▶ SOURCE DATA
====

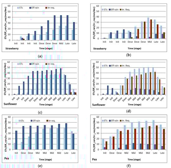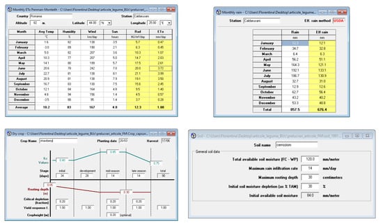 The choice of three different crops, pea, strawberry and sunflower, allows an overview of the study region’s capacity to adapt to different crop water requirements in different vegetation stages [,,]. Also, those crops are the ones that have extended their surface area in the last few years around Bucharest. The modeling of crop evapotranspiration, effective rain and irrigation requirements every 10 days was carried out using the Cropwat 8.0 software [,,].
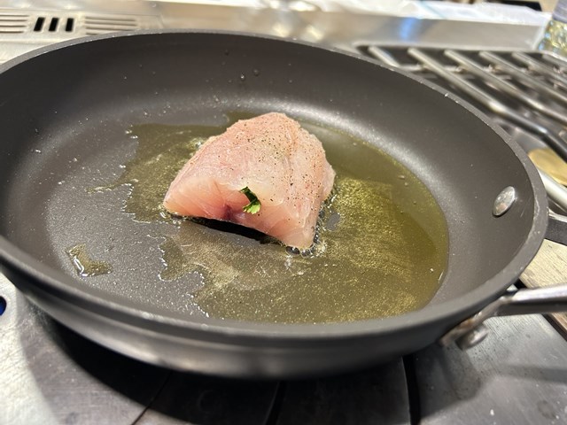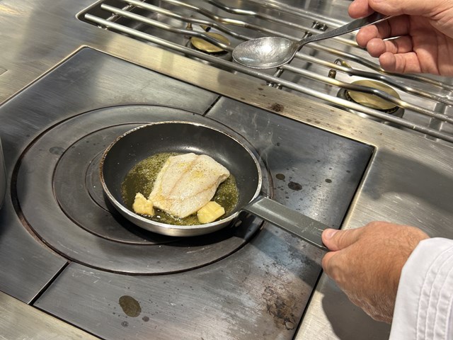 次にテュルボですが、こちらはポワレにします。まずオリーブ油で焼いていき、途中でブール・ノワゼットを加えて、テュルボにかけながら火を通していきます。焼きあがれば西洋わさび、粉末状のケイパー、シトロンキャビアを振りかけて、ピューレ、ソース、テュルボの順に盛りつけて完成になります。
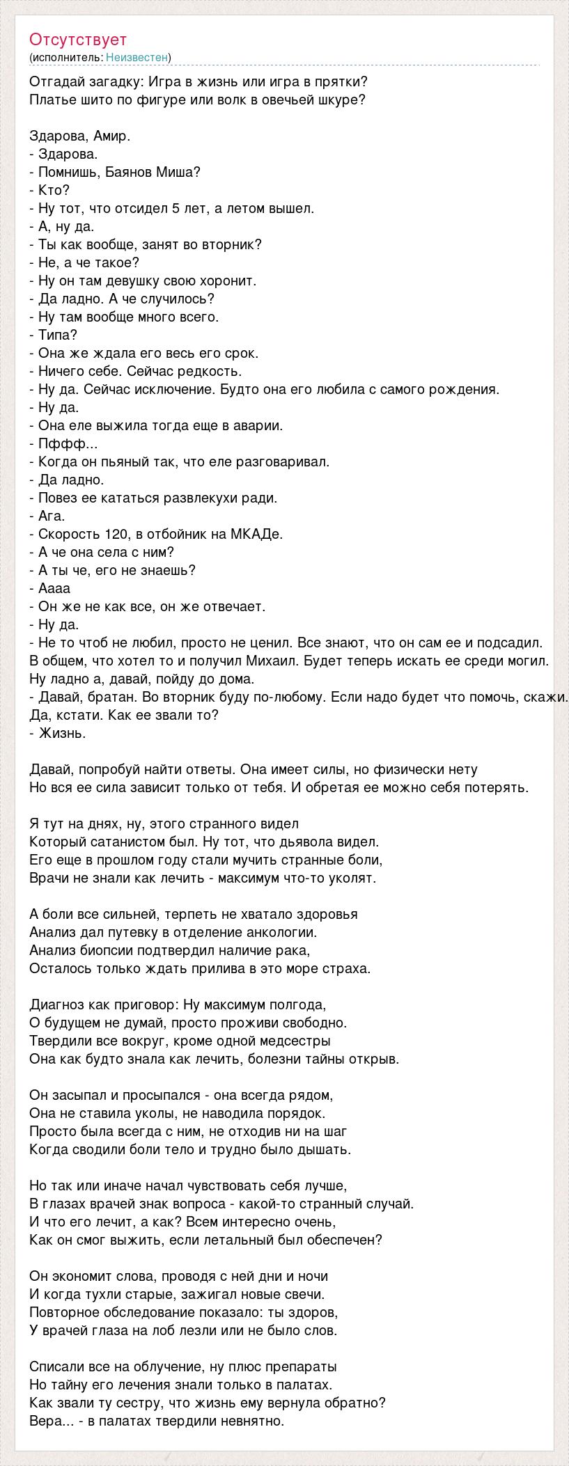 Отгадай загадку: Игра в жизнь или игра в прятки? Платье шито по фигуре или волк в овечьей шкуре? Здарова, Амир. - Здарова. - Помнишь, Баянов Миша? - Кто? - Ну тот, что отсидел 5 лет, а летом вышел. - А, ну да. - Ты как вообще, занят во вторник? - Не, а че такое? - Ну он там девушку свою хоронит. - Да ладно. А че случилось? - Ну там вообще много всего. - Типа? - Она же ждала его весь его срок. - Ничего себе. Сейчас редкость. - Ну да. Сейчас исключение. Будто она его любила с самого рождения. - Ну да. - Она еле выжила тогда еще в аварии. - Пффф... - Когда он пьяный так, что еле разговаривал. - Да ладно. - Повез ее кататься развлекухи ради. - Ага. - Скорость 120, в отбойник на МКАДе. - А че она села с ним? - А ты че, его не знаешь? - Аааа - Он же не как все, он же отвечает. - Ну да. - Не то чтоб не любил, просто не ценил. Все знают, что он сам ее и подсадил. В общем, что хотел то и получил Михаил. Будет теперь искать ее среди могил. Ну ладно а, давай, пойду до дома. - Давай, братан. Во вторник буду по-любому. Если надо будет что помочь, скажи. Да, кстати. Как ее звали то? - Жизнь. Давай, попробуй найти ответы. Она имеет силы, но физически нету Но вся ее сила зависит только от тебя. И обретая ее можно себя потерять. Я тут на днях, ну, этого странного видел Который сатанистом был. Ну тот, что дьявола видел. Его еще в прошлом году стали мучить странные боли, Врачи не знали как лечить - максимум что-то уколят. А боли все сильней, терпеть не хватало здоровья Анализ дал путевку в отделение анкологии. Анализ биопсии подтвердил наличие рака, Осталось только ждать прилива в это море страха. Диагноз как приговор: Ну максимум полгода, О будущем не думай, просто проживи свободно. Твердили все вокруг, кроме одной медсестры Она как будто знала как лечить, болезни тайны открыв. Он засыпал и просыпался - она всегда рядом, Она не ставила уколы, не наводила порядок. Просто была всегда с ним, не отходив ни на шаг Когда сводили боли тело и трудно было дышать. Но так или иначе начал чувствовать себя лучше, В глазах врачей знак вопроса - какой-то странный случай. И что его лечит, а как? Всем интересно очень, Как он смог выжить, если летальный был обеспечен? Он экономит слова, проводя с ней дни и ночи И когда тухли старые, зажигал новые свечи. Повторное обследование показало: ты здоров, У врачей глаза на лоб лезли или не было слов. Списали все на облучение, ну плюс препараты Но тайну его лечения знали только в палатах. Как звали ту сестру, что жизнь ему вернула обратно? Вера... - в палатах твердили невнятно.
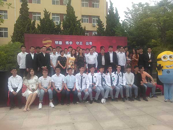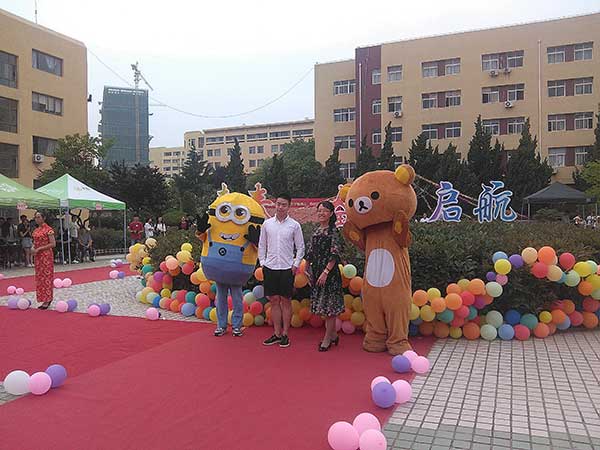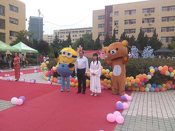 典礼结束后,毕业生穿过充满自己四年大学经历的长廊,领取了纪念品,并与老师们合影留念。此前,全体毕业生在青岛大学图书馆楼前进行毕业合影留念。
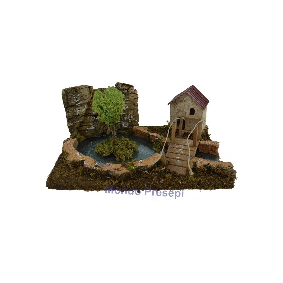 Lago effetto profondità con ponte, albero e casa. Essendo un prodotto artigianale può variare la disposizione della scena.
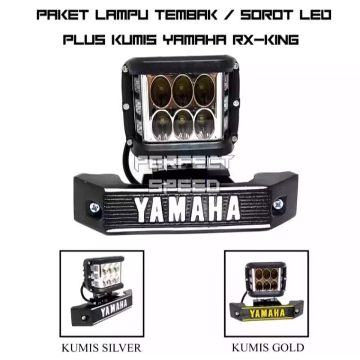 PROMO Lampu Tembak Sorot 6 Mata LED Plus Strobo Kedip + Breket Kumis RX KING Logo Yamaha
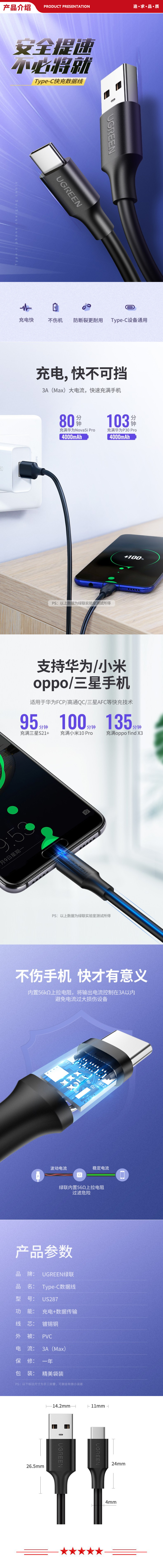绿联 UGREEN US287 TYPE-C快充线 3A快充USB TYPE C公转USB2.0公连接线 3米/黑色
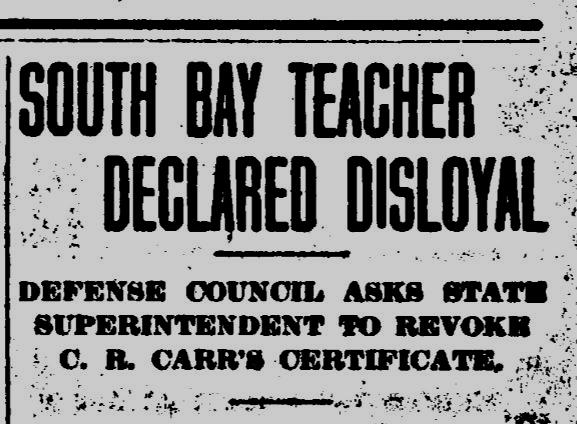 113 “South Bay Teacher Declared Disloyal.” Washington Standard, January 25, 1918.

====

▶ WHAT THE TASK REQUIRES
From the material above, output every line exactly as written, dropping any picture.

▶ RESPONSE FOR THIS EXERCISE
 The choice of three different crops, pea, strawberry and sunflower, allows an overview of the study region’s capacity to adapt to different crop water requirements in different vegetation stages [,,]. Also, those crops are the ones that have extended their surface area in the last few years around Bucharest. The modeling of crop evapotranspiration, effective rain and irrigation requirements every 10 days was carried out using the Cropwat 8.0 software [,,].
 次にテュルボですが、こちらはポワレにします。まずオリーブ油で焼いていき、途中でブール・ノワゼットを加えて、テュルボにかけながら火を通していきます。焼きあがれば西洋わさび、粉末状のケイパー、シトロンキャビアを振りかけて、ピューレ、ソース、テュルボの順に盛りつけて完成になります。
 Отгадай загадку: Игра в жизнь или игра в прятки? Платье шито по фигуре или волк в овечьей шкуре? Здарова, Амир. - Здарова. - Помнишь, Баянов Миша? - Кто? - Ну тот, что отсидел 5 лет, а летом вышел. - А, ну да. - Ты как вообще, занят во вторник? - Не, а че такое? - Ну он там девушку свою хоронит. - Да ладно. А че случилось? - Ну там вообще много всего. - Типа? - Она же ждала его весь его срок. - Ничего себе. Сейчас редкость. - Ну да. Сейчас исключение. Будто она его любила с самого рождения. - Ну да. - Она еле выжила тогда еще в аварии. - Пффф... - Когда он пьяный так, что еле разговаривал. - Да ладно. - Повез ее кататься развлекухи ради. - Ага. - Скорость 120, в отбойник на МКАДе. - А че она села с ним? - А ты че, его не знаешь? - Аааа - Он же не как все, он же отвечает. - Ну да. - Не то чтоб не любил, просто не ценил. Все знают, что он сам ее и подсадил. В общем, что хотел то и получил Михаил. Будет теперь искать ее среди могил. Ну ладно а, давай, пойду до дома. - Давай, братан. Во вторник буду по-любому. Если надо будет что помочь, скажи. Да, кстати. Как ее звали то? - Жизнь. Давай, попробуй найти ответы. Она имеет силы, но физически нету Но вся ее сила зависит только от тебя. И обретая ее можно себя потерять. Я тут на днях, ну, этого странного видел Который сатанистом был. Ну тот, что дьявола видел. Его еще в прошлом году стали мучить странные боли, Врачи не знали как лечить - максимум что-то уколят. А боли все сильней, терпеть не хватало здоровья Анализ дал путевку в отделение анкологии. Анализ биопсии подтвердил наличие рака, Осталось только ждать прилива в это море страха. Диагноз как приговор: Ну максимум полгода, О будущем не думай, просто проживи свободно. Твердили все вокруг, кроме одной медсестры Она как будто знала как лечить, болезни тайны открыв. Он засыпал и просыпался - она всегда рядом, Она не ставила уколы, не наводила порядок. Просто была всегда с ним, не отходив ни на шаг Когда сводили боли тело и трудно было дышать. Но так или иначе начал чувствовать себя лучше, В глазах врачей знак вопроса - какой-то странный случай. И что его лечит, а как? Всем интересно очень, Как он смог выжить, если летальный был обеспечен? Он экономит слова, проводя с ней дни и ночи И когда тухли старые, зажигал новые свечи. Повторное обследование показало: ты здоров, У врачей глаза на лоб лезли или не было слов. Списали все на облучение, ну плюс препараты Но тайну его лечения знали только в палатах. Как звали ту сестру, что жизнь ему вернула обратно? Вера... - в палатах твердили невнятно.
 典礼结束后,毕业生穿过充满自己四年大学经历的长廊,领取了纪念品,并与老师们合影留念。此前,全体毕业生在青岛大学图书馆楼前进行毕业合影留念。
 Lago effetto profondità con ponte, albero e casa. Essendo un prodotto artigianale può variare la disposizione della scena.
 PROMO Lampu Tembak Sorot 6 Mata LED Plus Strobo Kedip + Breket Kumis RX KING Logo Yamaha
绿联 UGREEN US287 TYPE-C快充线 3A快充USB TYPE C公转USB2.0公连接线 3米/黑色
 113 “South Bay Teacher Declared Disloyal.” Washington Standard, January 25, 1918.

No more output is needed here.